Individual Patient Data
NOTE: To run the program, enter the command "python3 Screens.py" from the program directory in your terminal.
A program that uses Machine Learning and Regressions to predict the presence of Parksinson's Disease in a patient. It can be used by doctors who can enter the observations for a patient in a CSV file, and the program can then read the CSV file to predict the presence of Parkinson's. The regression is constructed on the basis of a dataset published in the UC Irvine Machine Learning repository. The dataset was created by Max Little of the University of Oxford, in collaboration with the National Centre for Voice and Speech, Denver, Colorado, who recorded the speech signals.

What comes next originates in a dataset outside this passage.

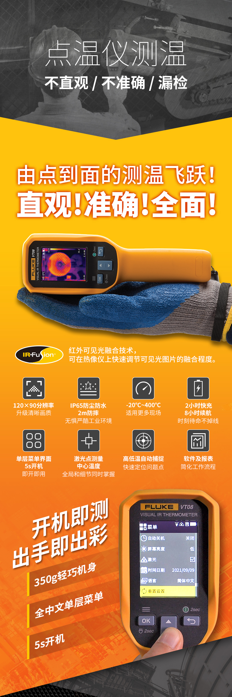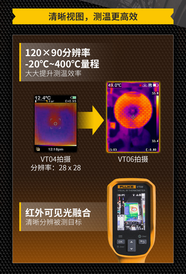 福祿克FLUKE VT08輕便型可視紅外熱像儀激光熱成像儀可視紅外

For more info about the database, go to: https://archive.ics.uci.edu/ml/datasets/parkinsons
The program has two modes: one to predict Parkinson's in an individual patient (based on an input CSV) which uses a Simple Tree Regression Model to classify patients on the basis of their measurements. The measurements are fitted against the values from the main database.
The second mode is used with the entire original database, creating a model based on the accumulation of four distinct ML algorithms, which are: Support Vector Machine (SVM), Stochastic Gradient Descent Classifier (SGD), the Gaussian Naive Bayes (NB), and the Gradient Boosting Classifier. The results from the four are collated over three distinct datasets having 50, 100 and 150 values respectively. There's also an option to display a Scatter Matrix to show the relationships between the parameters of the original dataset.
The UI has been developed by using the Tkinter extension in Python.
The app can greatly help doctors confirm the presence of Parkinson's in their patient by just inputting some known parameters, and the program then compares the parameters to a trusted dataset and predicts the presence of the disease.
Naïve Bayes: A classifier that makes use of Baye’s theorem to try and classify data. The use of Baye’s equation makes use of the likelihood of a specific classification based on probabilities returned from the features of the data. I decided to implement this classifier as it is known to only require a small training set to estimate parameters and is not sensitive to irrelevant features.
Support Vector Machines: A classifier that categorizes the data set by setting an optimal hyper plane between data. I chose this classifier as it is incredibly versatile in the number of different kernelling functions that can be applied. I hopes are that when tuned, this model can yield a high predictability rate.
Stochastic Gradient Descent: A classifier that applies the concept of gradient descent to reach an optimal predication rate. I chose this classifier because it has multiple parameters that could potentially be tuned if it produces strong results under my data set. My main concern is that it tends to work well with sparse data, but is sensitive to larger training sets.
Gradient Tree Boosting: An ensemble classifier (combines predictions of base estimators) that makes use of multiple decision trees - giving their contributions weights – to classify data. The weights are developed using the gradient descent algorithm. I decided to implement the GTB because of its strength in handling heterogeneous features and high accuracy. The problem I do expect with this classifier is that it scales poorly and so with larger sets of data, this would not be optimal. It is still interesting to see the results of this classifier however.